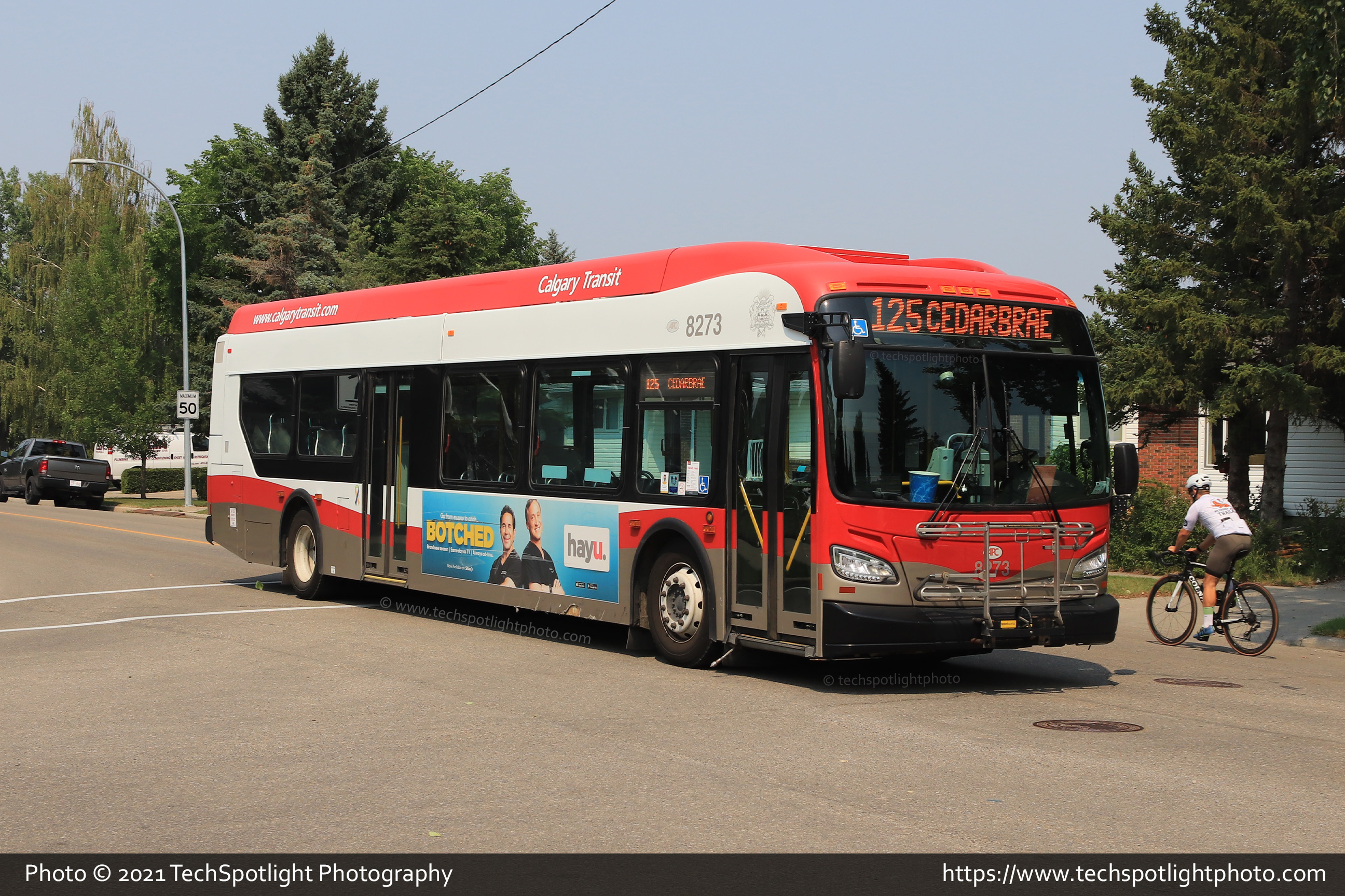 8273 is seen on the north end of Lake Fraser Drive SE while working Route 44 Deer Ridge. |
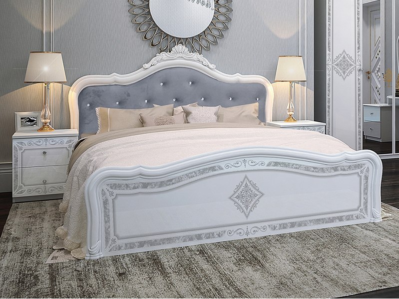 Кровать имеет стильный дизайн с белым глянцевым каркасом и светло-серой велюровой обивкой. Велюр – это высококачественный материал обивки, придающий мягкость и комфорт во время сидения или лежания на кровати. Изголовье кровати также выполнено в велюровом стиле, с использованием тканевой основы.
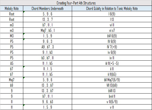 This post is about how to create fourth structures (harmonies built on intervals of fourths) with four notes.
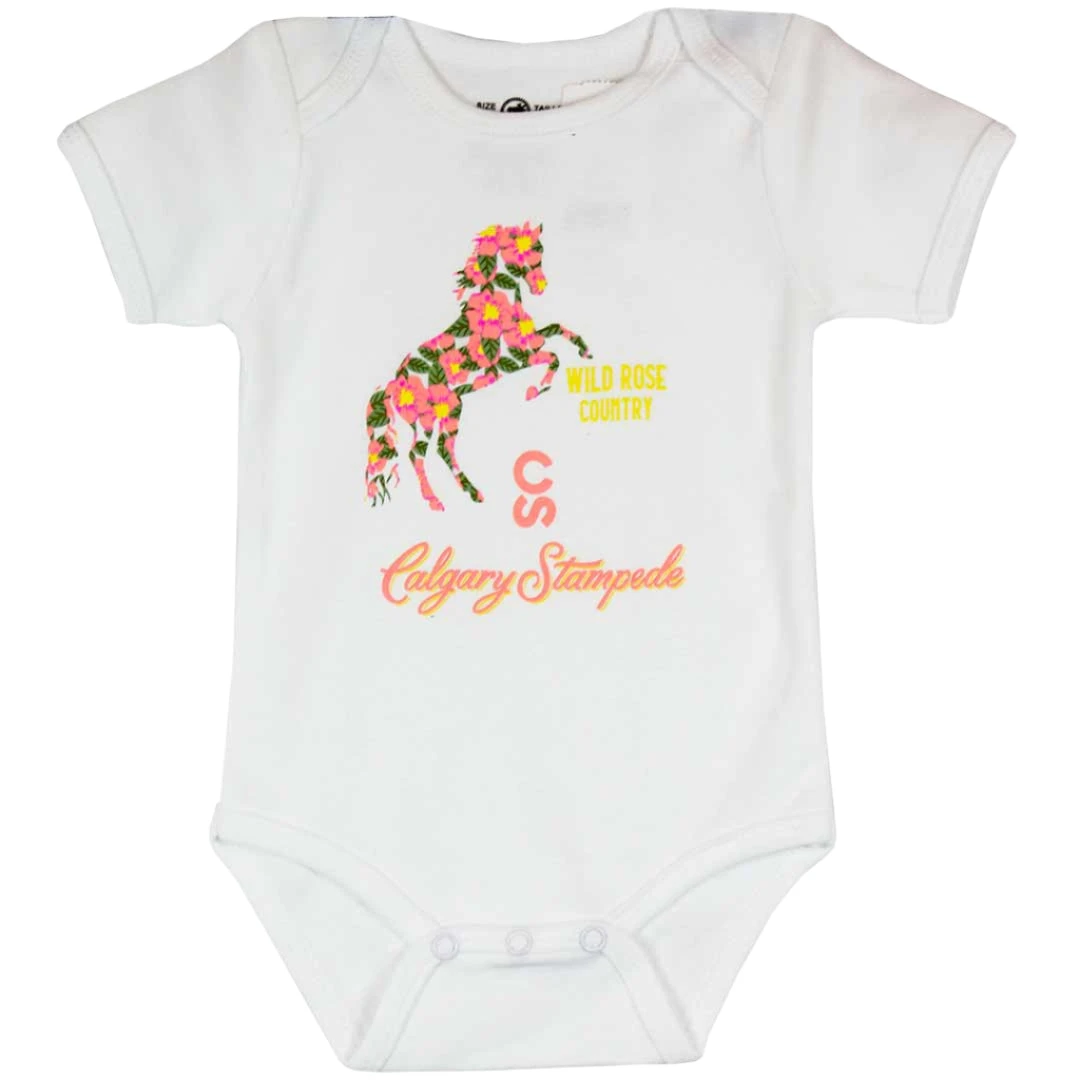 Custom made for the Calgary Stampede, this baby girls’ onesie features short sleeves, crew neck with extra room, 3 snaps at seat and a Calgary Stampede circle wild rose country graphic.
◇ ◇ ◇ ◇ ◇
Problem to solve> When you write out the material again, keep every word exact and omit the pictures.

Result below>
 8273 is seen on the north end of Lake Fraser Drive SE while working Route 44 Deer Ridge. |
 Кровать имеет стильный дизайн с белым глянцевым каркасом и светло-серой велюровой обивкой. Велюр – это высококачественный материал обивки, придающий мягкость и комфорт во время сидения или лежания на кровати. Изголовье кровати также выполнено в велюровом стиле, с использованием тканевой основы.
 This post is about how to create fourth structures (harmonies built on intervals of fourths) with four notes.
 Custom made for the Calgary Stampede, this baby girls’ onesie features short sleeves, crew neck with extra room, 3 snaps at seat and a Calgary Stampede circle wild rose country graphic.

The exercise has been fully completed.